Aim of the exercise »
All of the data below should come back exactly as written, minus its images.

[Stored dataset items]
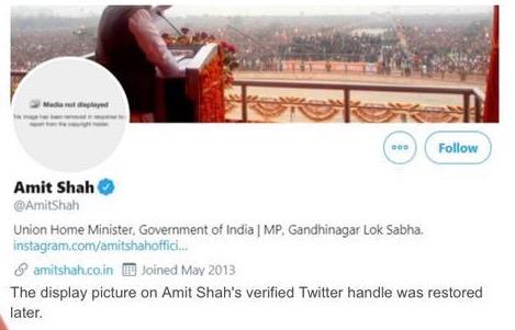 However, Twitter has said the removal of Amit Shah's profile picture from his account was due to an "inadvertent error".
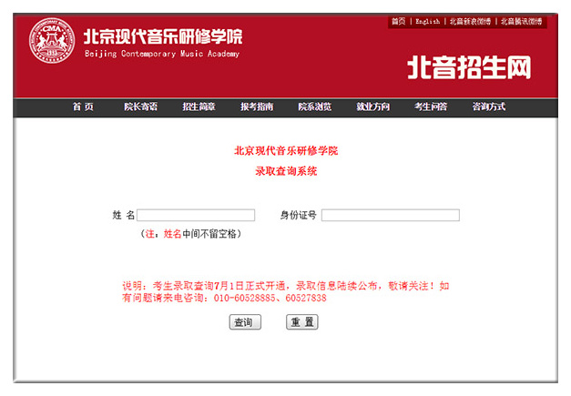 八 、我院考生录取查询已于7月1日正式开通,录取信息陆续公布,可登录http://luqu.bjcma.com/查询!如有问题请来电咨询:010-60528885、60527838。
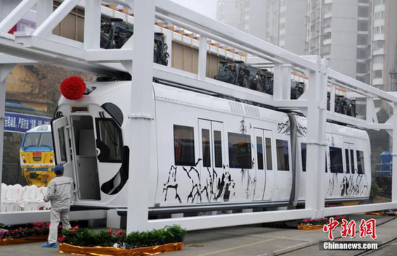 这列我国自主研制完成的新能源空铁列车,车身为卡通的熊猫图案,共两节车厢,每节车厢定员70人,时速最高可达65公里,它以纯蓄电池为动力、永磁电机驱动,集成了5项成熟机车先进技术、4项创新型专有技术和16项专利,能够实现精准控制、全线无人驾驶。
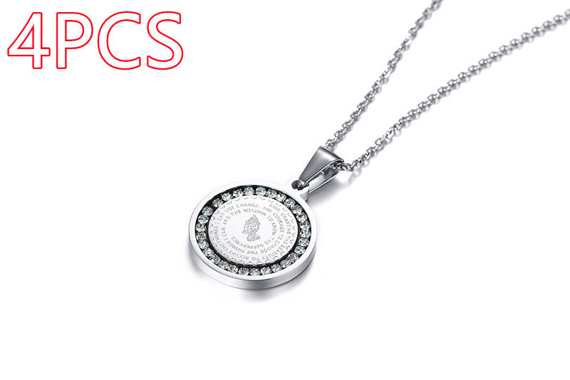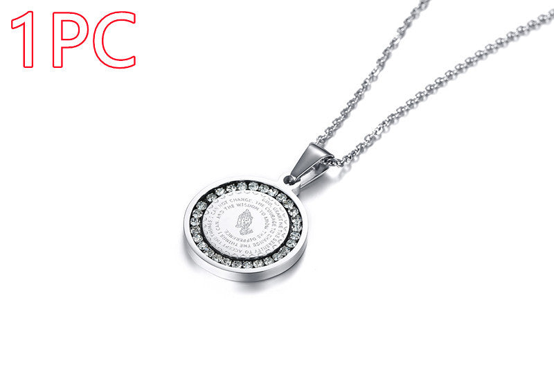Stainless Steel Rhinestone Prayer English Scripture Pendant
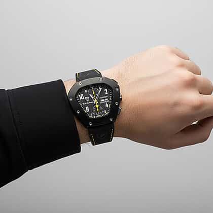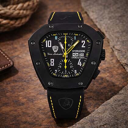 The Tonino Lamborghini Spyderleggero Chronograph Men's Watch TLF-T07-3 is a masterful blend of bold design and Swiss precision. With a striking black and yellow titanium case measuring 51mm, it commands attention while maintaining durability and lightweight comfort. The black multi-dial face, protected by premium sapphire crystal, features batons and a 12-hour chronograph display for refined functionality. Fitted with a sleek black silicone strap and secure buckle fastening, it ensures a comfortable fit for everyday wear. Powered by a reliable Swiss quartz movement, this timepiece is both stylish and practical. Water-resistant and built to perform, it’s perfect for the modern man seeking a statement accessory.
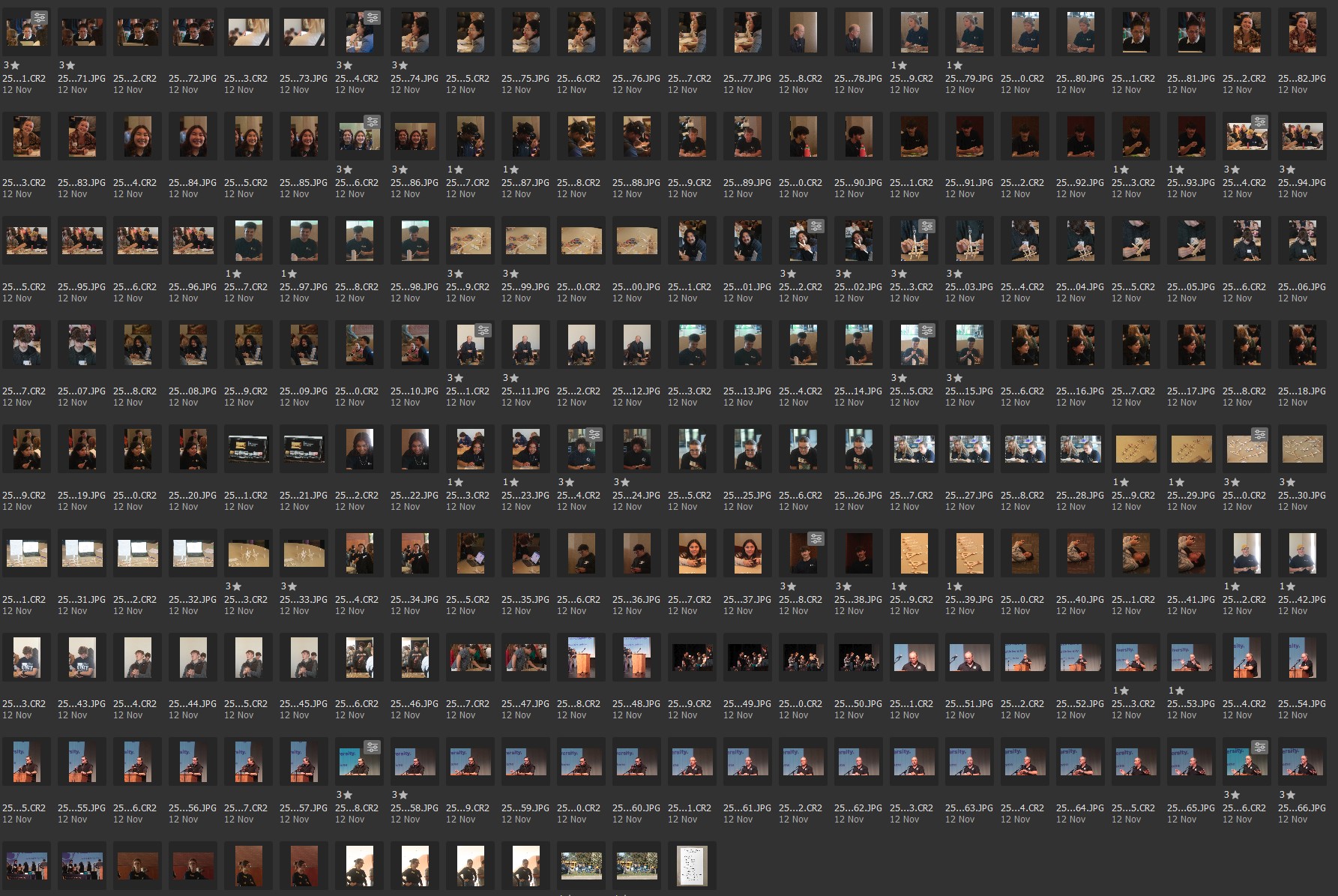 Then I went back and looked at every photo one more time. Some photos with no stars or one star became three star photos. Some photos dropped in their rating. My final group of selects (screen capture above has 30 photos that will go to Graceland University.
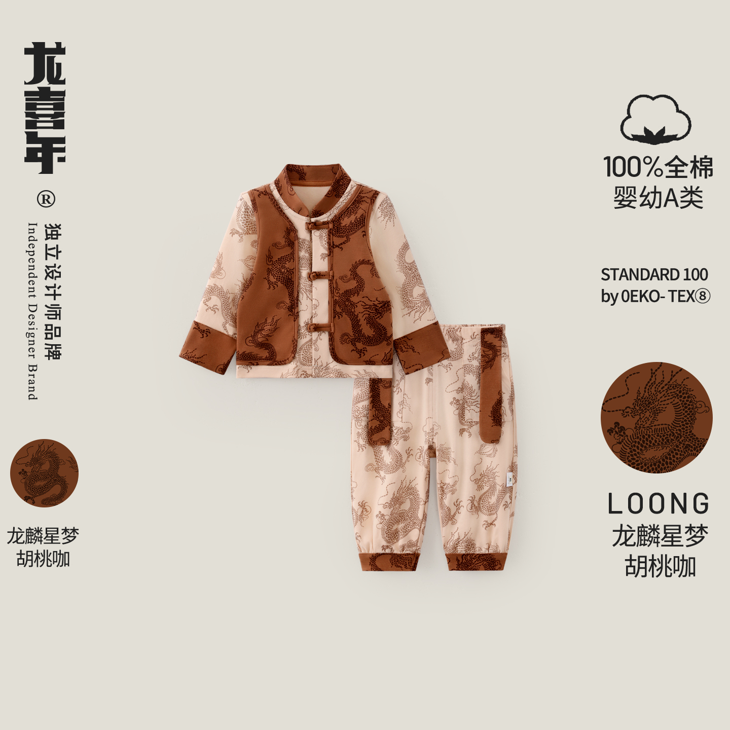 秋季 龙喜年周岁男宝宝礼服新中式 套装 长袖 国风百天百日宴纯棉唐装
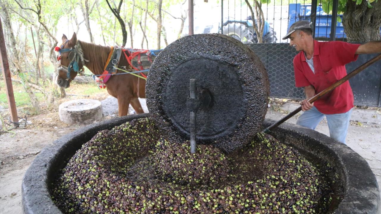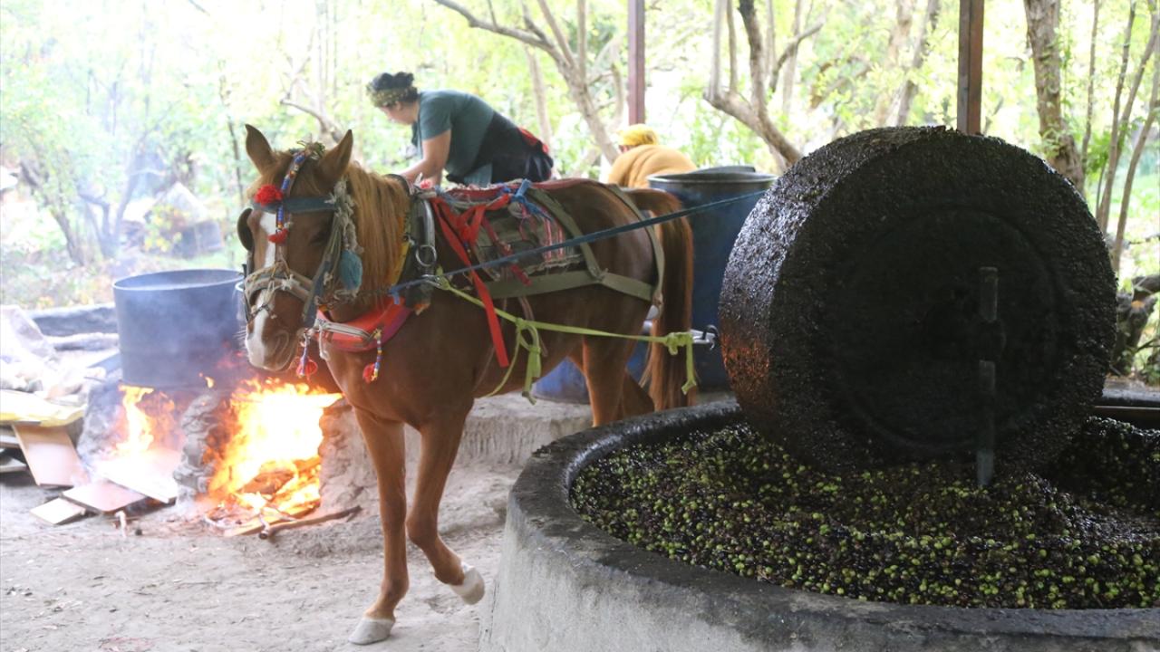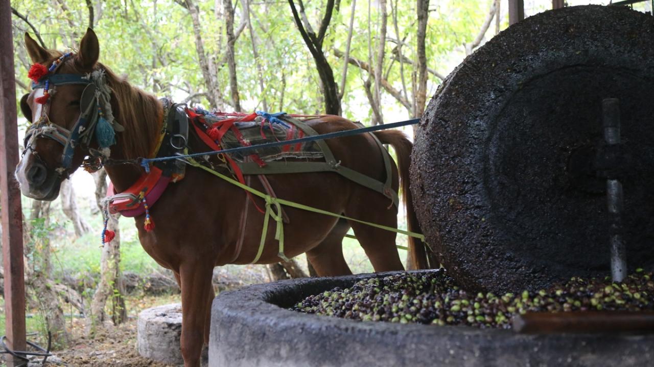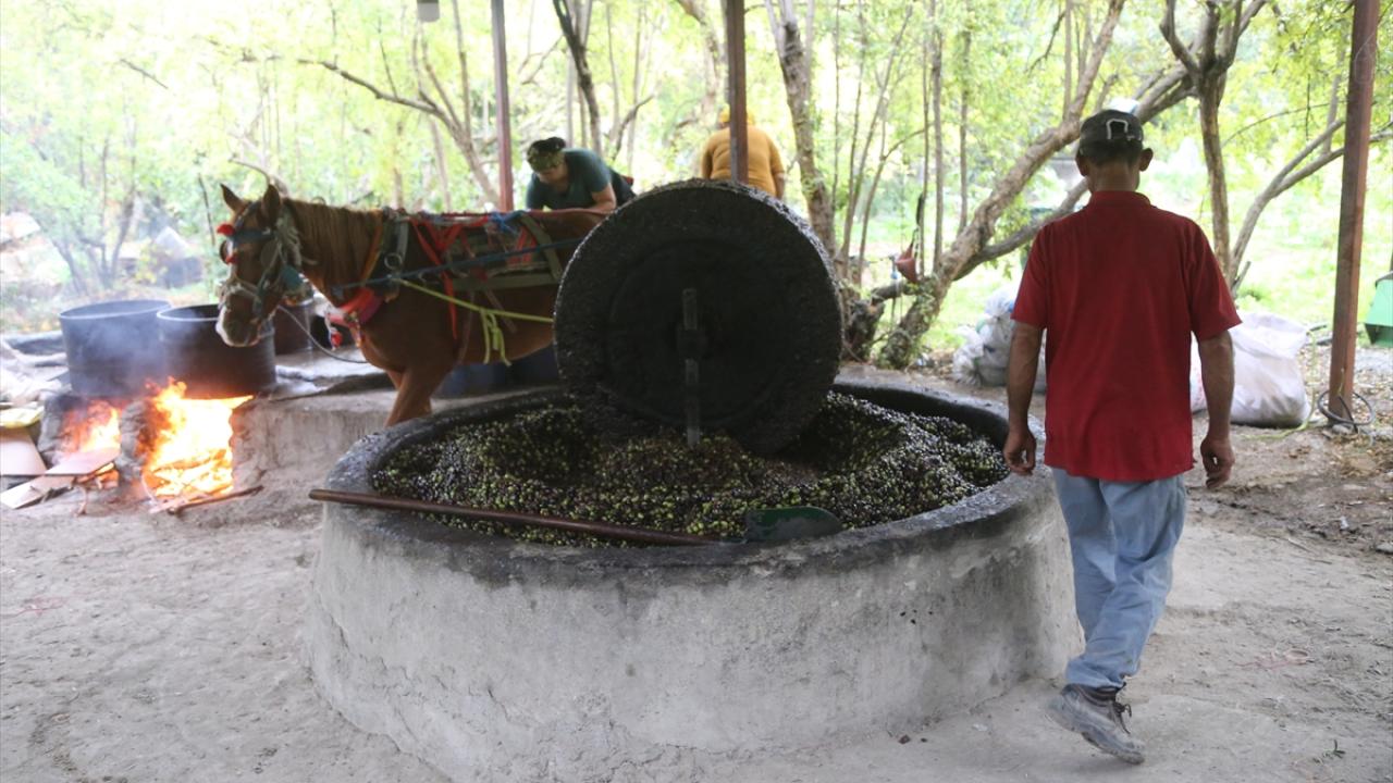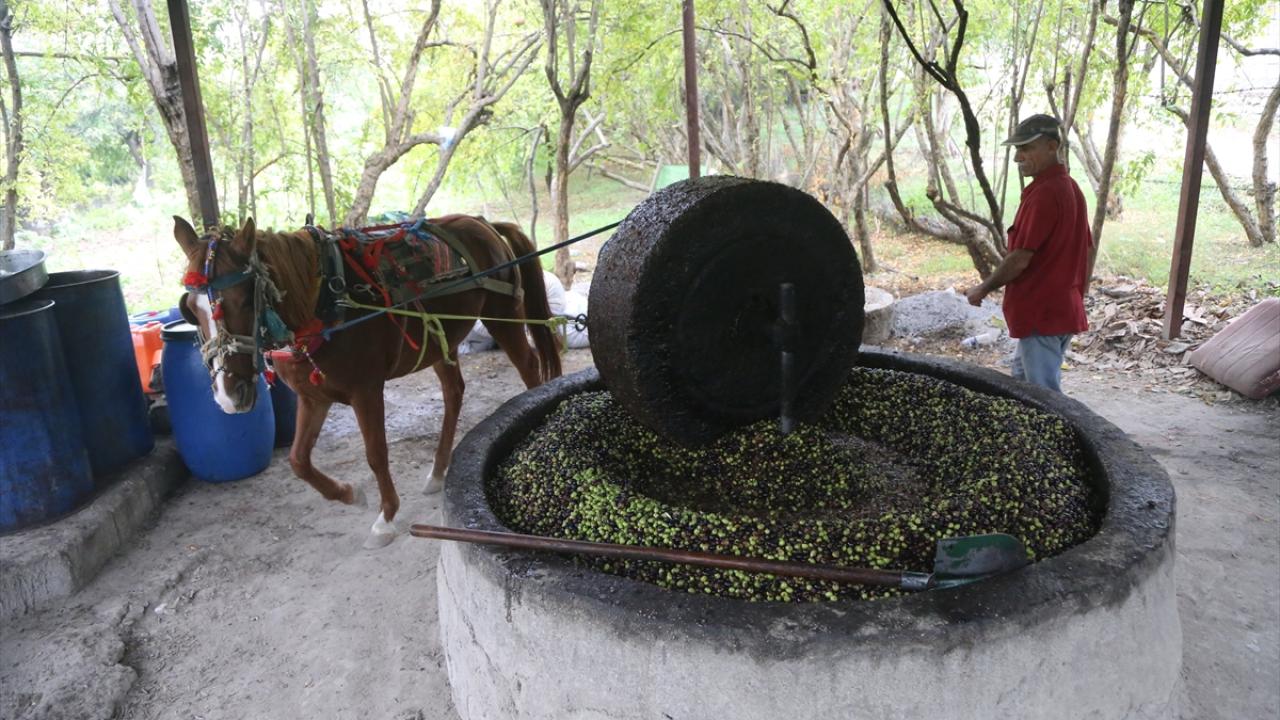 Dalından toplanan zeytinler, asırlık taş değirmenin altına yerleştiriliyor. At gücüyle çevrilen değirmende ezilen zeytinler, bir süre fıçılarda bekletiliyor. Sonrasında ılık suda yıkanan tanelerin yüzeye çıkan yağı süzülüp şişeleniyor.
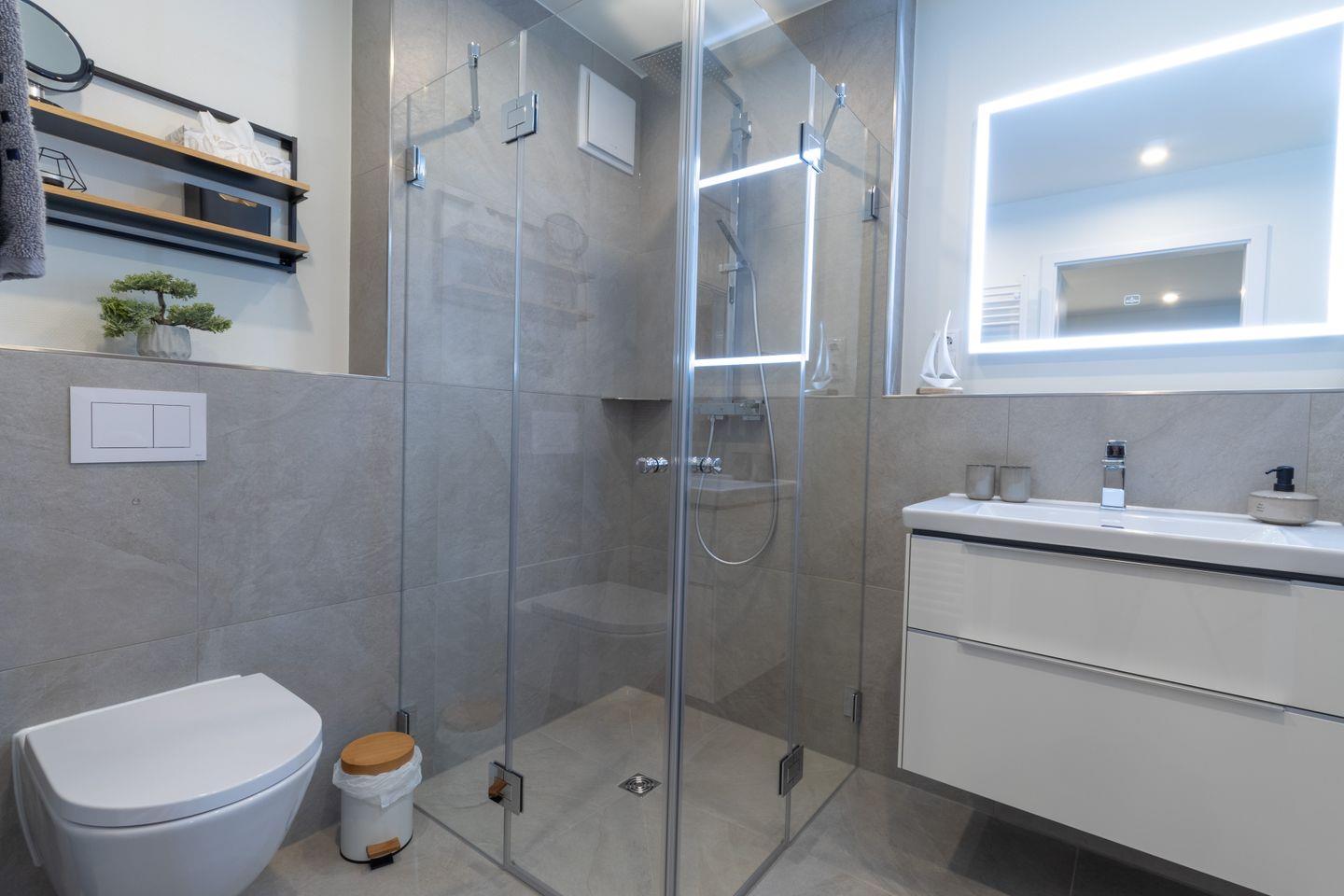 Das moderne Badezimmer wird zur kleinen Wellnessoase. Freu dich auf eine bodentiefe Dusche und deine eigene Sauna – perfekt, um den Tag wohlig ausklingen zu lassen.
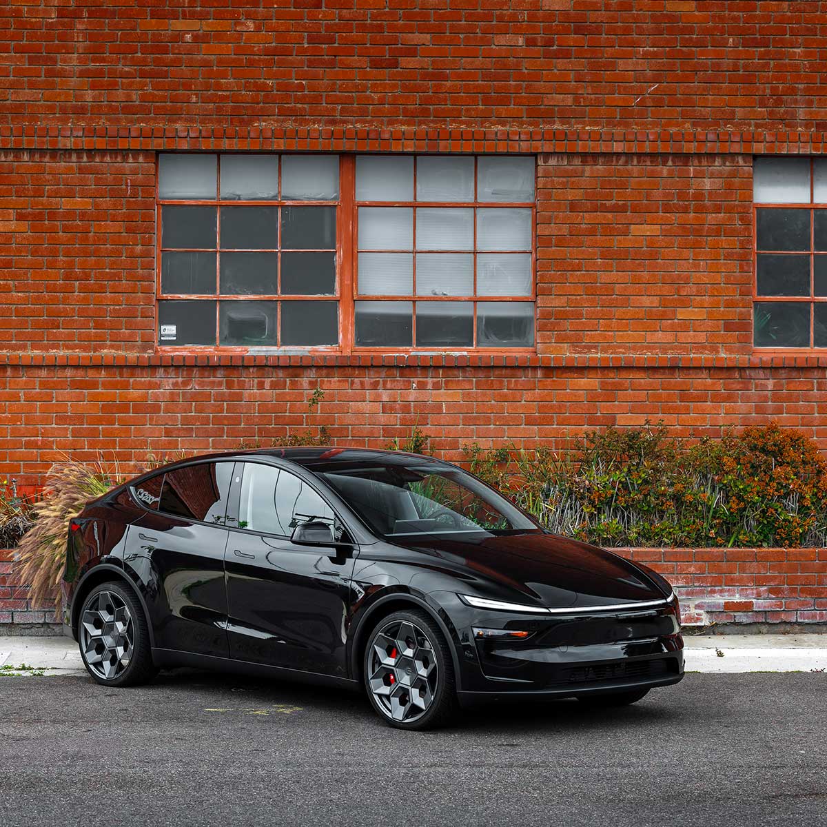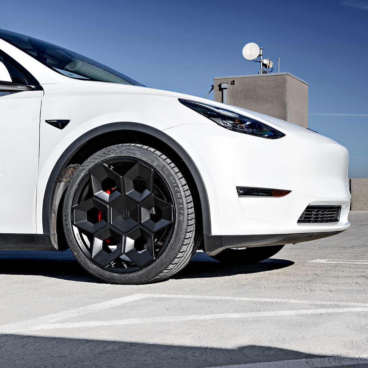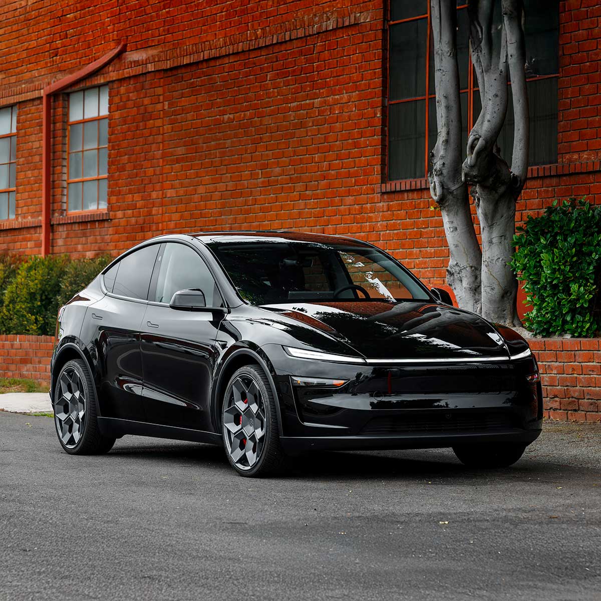 CYBRHEX brings a distinct design language to the Model Y. Created with designer Sasha Selipanov, the wheel’s angular surfacing reads modern and purposeful while the forged 6061-T6 construction delivers real performance gains. Each assembly is engineered around Tesla hardware for a true bolt-on experience, including hub-centric fit, TPMS compatibility, factory lug hardware, and full clearance for Model Y Performance brakes. The wheel is double drilled for cross-platform versatility, yet this package is tuned specifically for Model Y offsets, brake room, and tire sizing.

Answer »
 However, Twitter has said the removal of Amit Shah's profile picture from his account was due to an "inadvertent error".
 八 、我院考生录取查询已于7月1日正式开通,录取信息陆续公布,可登录http://luqu.bjcma.com/查询!如有问题请来电咨询:010-60528885、60527838。
 这列我国自主研制完成的新能源空铁列车,车身为卡通的熊猫图案,共两节车厢,每节车厢定员70人,时速最高可达65公里,它以纯蓄电池为动力、永磁电机驱动,集成了5项成熟机车先进技术、4项创新型专有技术和16项专利,能够实现精准控制、全线无人驾驶。
Stainless Steel Rhinestone Prayer English Scripture Pendant
 The Tonino Lamborghini Spyderleggero Chronograph Men's Watch TLF-T07-3 is a masterful blend of bold design and Swiss precision. With a striking black and yellow titanium case measuring 51mm, it commands attention while maintaining durability and lightweight comfort. The black multi-dial face, protected by premium sapphire crystal, features batons and a 12-hour chronograph display for refined functionality. Fitted with a sleek black silicone strap and secure buckle fastening, it ensures a comfortable fit for everyday wear. Powered by a reliable Swiss quartz movement, this timepiece is both stylish and practical. Water-resistant and built to perform, it’s perfect for the modern man seeking a statement accessory.
 Then I went back and looked at every photo one more time. Some photos with no stars or one star became three star photos. Some photos dropped in their rating. My final group of selects (screen capture above has 30 photos that will go to Graceland University.
 秋季 龙喜年周岁男宝宝礼服新中式 套装 长袖 国风百天百日宴纯棉唐装
 Dalından toplanan zeytinler, asırlık taş değirmenin altına yerleştiriliyor. At gücüyle çevrilen değirmende ezilen zeytinler, bir süre fıçılarda bekletiliyor. Sonrasında ılık suda yıkanan tanelerin yüzeye çıkan yağı süzülüp şişeleniyor.
 Das moderne Badezimmer wird zur kleinen Wellnessoase. Freu dich auf eine bodentiefe Dusche und deine eigene Sauna – perfekt, um den Tag wohlig ausklingen zu lassen.
 CYBRHEX brings a distinct design language to the Model Y. Created with designer Sasha Selipanov, the wheel’s angular surfacing reads modern and purposeful while the forged 6061-T6 construction delivers real performance gains. Each assembly is engineered around Tesla hardware for a true bolt-on experience, including hub-centric fit, TPMS compatibility, factory lug hardware, and full clearance for Model Y Performance brakes. The wheel is double drilled for cross-platform versatility, yet this package is tuned specifically for Model Y offsets, brake room, and tire sizing.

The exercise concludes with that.